PERNER: Ich bin eine Befürworterin von Schulspielen, von Theaterspielen. Da kann man vieles im Nachhinein reflektieren.

Ihr Vater zitierte gerne Schiller: "Der Starke ist am mächtigsten allein." Welches Zitat würden Sie dem gegenüberstellen?

PERNER: Mein Lebensmotto stammt aus der "Antigone" von Sophokles und ist "Nicht mit zu hassen, mit zu lieben bin ich da."

Sie sprechen von der "Kunst des Sterbens", gibt es die noch?

PERNER: Ich hatte 2010 einen schweren Unfall, ich wusste nicht, ob mein Auto brennt und ich in ein paar Sekunden sterben werde, wenn das Auto explodiert. In diesen Sekunden habe ich mich aufs Sterben vorbereitet.

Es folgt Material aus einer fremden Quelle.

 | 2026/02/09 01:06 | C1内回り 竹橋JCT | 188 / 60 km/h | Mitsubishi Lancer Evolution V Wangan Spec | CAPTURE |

Ich habe alle Formen der Entspannung, auch alle Gebetsmethoden, die ich erlernt habe, angewendet, um mich in diesen tranceartigen Zustand zu bringen, wo ich hinnehme, was jetzt passieren wird, und die Angst überwinde, transzendiere.

Sie betonen auch die spirituelle Komponente der Einsamkeit.

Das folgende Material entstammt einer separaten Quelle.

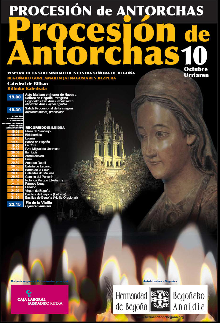 PROGRAMA I PROCESIÓN DE ANTORCHAS 10 DE OCTUBRE 19.00 Acto Mariano en la Catedral de Bilbao (Plaza Santiago. Casco Viejo) 19.30 Procesión de Antorchas Se rezará el Rosario Recorrido: Plaza Santiago, Bidebarrieta, Loteria, Banco España, La Cruz, Miguel de Unamuno, Iturribide, Prim, Amadeo Deprit, Batalla de Lepanto, Barrio de la Cruz, Calzadas de Mallona, Virgen de Begoña, Bilintx, Virgen de Begoña, Basílica de Begoña 21.30 Vigilia Oracional en la Basílica de Begoña. 22.15 Fin del Acto

PERNER: Die meisten Leute werfen Religion, Theologie, Bekenntnis und Kirchenorganisation in einen Topf und haben zu wenig Anleitung bekommen, was es heißt, sich mit der ganzen Schöpfung zu verbinden. Das meint ja Religion eigentlich. Es wäre so wichtig, sich stärker auf die Seele, das Empfinden zu konzentrieren. Das muss eingeübt werden.

Sprechen Sie das Thema an bei Ihren Klienten?

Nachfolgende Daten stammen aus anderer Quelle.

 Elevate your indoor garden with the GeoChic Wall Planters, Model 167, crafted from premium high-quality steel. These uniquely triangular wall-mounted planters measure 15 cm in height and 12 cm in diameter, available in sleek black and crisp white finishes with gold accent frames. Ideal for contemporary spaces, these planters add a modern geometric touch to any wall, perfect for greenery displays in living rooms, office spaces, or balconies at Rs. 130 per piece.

PERNER: Ja, dann öffnen sich die Leute. Da besteht ein großer Bedarf, aber viele schämen sich, es zuzugeben. Wir leben in einer religionsfeindlichen Zeit.

Das Schamgefühl hat sich von Sexualität auf Religion verlegt.

PERNER: Bei der Sexualität gibt es fast kein Schamgefühl mehr, die ist kommerzialisiert. Bei der Religion ist es - mit wenigen Ausnahmen - nicht so. Am Erfolg der Gregorianischen Choräle der Heiligenkreuzer Mönche merkt man, dass die Leute die Botschaft sehr wohl verstehen.

Reden Kirchen zu viel von Moral, zu wenig von Spiritualität?

PERNER: Es ist wichtig, sich auch mit den moralischen Inhalten auseinanderzusetzen. Der Inhalt ist ja schwer in Ordnung, aber die Form ist manchmal unerträglich, weil sie autoritär vermittelt wird. Das ging vor hundert Jahren, wo die Leute ungebildet, gebrochen und gekrümmt waren. Heute wehren sie sich dagegen, wenn sie das Gefühl haben, sie sollen klein gemacht werden. Es gibt aber Augenblicke, wo man die Kleinheit wirklich spürt: in allen transzendenten Situationen, bei Todesnähe, aber auch bei großer Liebe. Deswegen ist es so wichtig, nicht nur sterben zu lernen, sondern auch lieben zu lernen - und da kann man mit der Natur anfangen.